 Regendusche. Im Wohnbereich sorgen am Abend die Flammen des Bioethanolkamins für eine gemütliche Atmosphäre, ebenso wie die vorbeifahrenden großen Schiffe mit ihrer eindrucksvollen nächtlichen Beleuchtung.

******************************

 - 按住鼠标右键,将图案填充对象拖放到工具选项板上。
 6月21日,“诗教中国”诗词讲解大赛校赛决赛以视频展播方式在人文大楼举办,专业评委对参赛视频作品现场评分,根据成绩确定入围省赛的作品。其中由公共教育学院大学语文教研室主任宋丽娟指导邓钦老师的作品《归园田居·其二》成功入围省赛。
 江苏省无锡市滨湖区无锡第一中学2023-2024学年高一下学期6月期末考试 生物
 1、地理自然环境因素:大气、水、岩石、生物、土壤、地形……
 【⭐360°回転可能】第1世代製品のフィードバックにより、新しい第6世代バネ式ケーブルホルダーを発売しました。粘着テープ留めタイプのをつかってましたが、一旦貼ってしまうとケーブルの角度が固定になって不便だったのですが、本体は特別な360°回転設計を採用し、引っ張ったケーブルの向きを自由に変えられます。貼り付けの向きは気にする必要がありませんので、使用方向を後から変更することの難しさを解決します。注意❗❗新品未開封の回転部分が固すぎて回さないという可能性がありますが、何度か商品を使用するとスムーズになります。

******************************

AIM OF THE EXERCISE:
Keep both end lines and retype everything in the records above from the line containing "- 按住鼠标右键,将图案填充对象拖放到工具选项板上。" through the line containing "1、地理自然环境因素:大气、水、岩石、生物、土壤、地形……", exactly, with nothing else.

RESULT OF THE EXERCISE:
 - 按住鼠标右键,将图案填充对象拖放到工具选项板上。
 6月21日,“诗教中国”诗词讲解大赛校赛决赛以视频展播方式在人文大楼举办,专业评委对参赛视频作品现场评分,根据成绩确定入围省赛的作品。其中由公共教育学院大学语文教研室主任宋丽娟指导邓钦老师的作品《归园田居·其二》成功入围省赛。
 江苏省无锡市滨湖区无锡第一中学2023-2024学年高一下学期6月期末考试 生物
 1、地理自然环境因素:大气、水、岩石、生物、土壤、地形……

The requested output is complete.